Unit 3: Stream Processing

Pipeline 1: Converting the DCM Data Format to the Measurement Data Format

Creating a New Advanced Stream Processing Task

Note

Before creating a new advanced stream processing task, you need to ensure that your organization has applied for the EDP_INPUT_FORMAT and EDP_OUTPUT_FORMAT resources of Stream Processing - Message Queue Resource through the Resource Management service.

  1. Log in to the EnOS Management Console and select Stream Processing > Pipeline Designer.

  2. Click the Add Stream icon add_data_source_icon.

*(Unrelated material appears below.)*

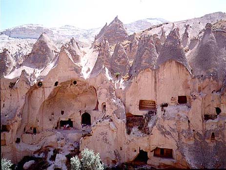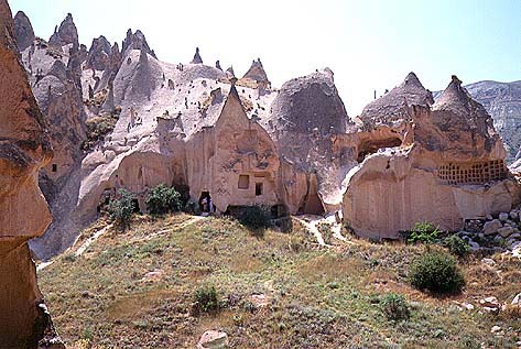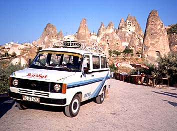 さあ、カッパドキアツアーの始まりです。リーダーは気さくで少しだけ渋めの映画俳優ふう。メンバーはフランスの女の子2人・同3人家族・香港の女の子3人と我々と言う多国籍グル−プ。フランスの女の子2人が英語が全然わからないので、仏語でも説明する事になりました(ズルイな)。ツアーリーダーは2回説明で大変そう。

  3. In the Add Stream pop-up window, select the following:

    • Pipeline Type: tick Advanced

    • Method: tick New

    • Name: enter tutorial_demo_1

    • Operator Version: select EDH Streaming Calculator Library 0.4.0

Designing Stream Processing Tasks

  1. On the stream processing task design page, click Stage Library stage_library_icon in the upper right corner of the page and find the operator you need to use from the drop-down menu. Click the data processing operator (such as Point Selector) to add it to the pipeline edit page.

    Operators set by default are EDH Kafka Consumer and EDH Kafka Producer.

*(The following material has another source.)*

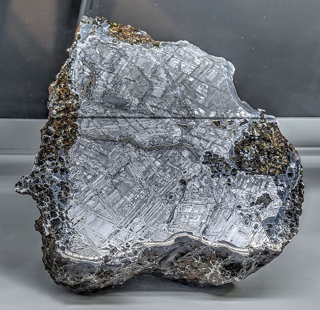 A slice of the Seymchan Meteorite that was found in Russia in 1967.

    In sequence, add the operators Record Formatter, Data Viewer 1, and Data Viewer 2.

    Note

    The operators with an asterisk operator_star_icon are unique operators in the 0.4.0 version of the operator library and support new data formats. If there are two operators available under the same name, tick the operator with an asterisk.

  2. Drag the stage and the connecting lines to arrange the new stage as shown below. Select the operators to add and set the operator parameters in the configuration options.

    ../_images/pipeline_1.png
  3. For the added operator, set the following parameters in configuration:

    • EDH Kafka Consumer: configure the operator and set the input topic.

    Click the Configuration - Kafka tab:

    • Topic: select MEASURE_POINT_ORIGIN_{OUID}

    • Kafka Configuration:

      • auto.offset.reset: enter earliest

      • default.api.timeout.ms: default is 600000


  • Record Formatter: configure this operator to convert the DCM data format to the measurement data format.

    Click the Configuration - Basic tab:

    • Input Format: select DCM Format

    • Output Format: select EDP <MeasurementID> Format

    • Asset Tag Groups: enter DcmModel (enter the tag group ID, which is used to associate corresponding device tags for the entered data)

    • Measurement Tag Groups: enter MyHaystack (enter the tag group ID you create, which is used to associate corresponding measurement tags for the entered data)


  • EDH Kafka Producer User: configure the operator and set the output topic.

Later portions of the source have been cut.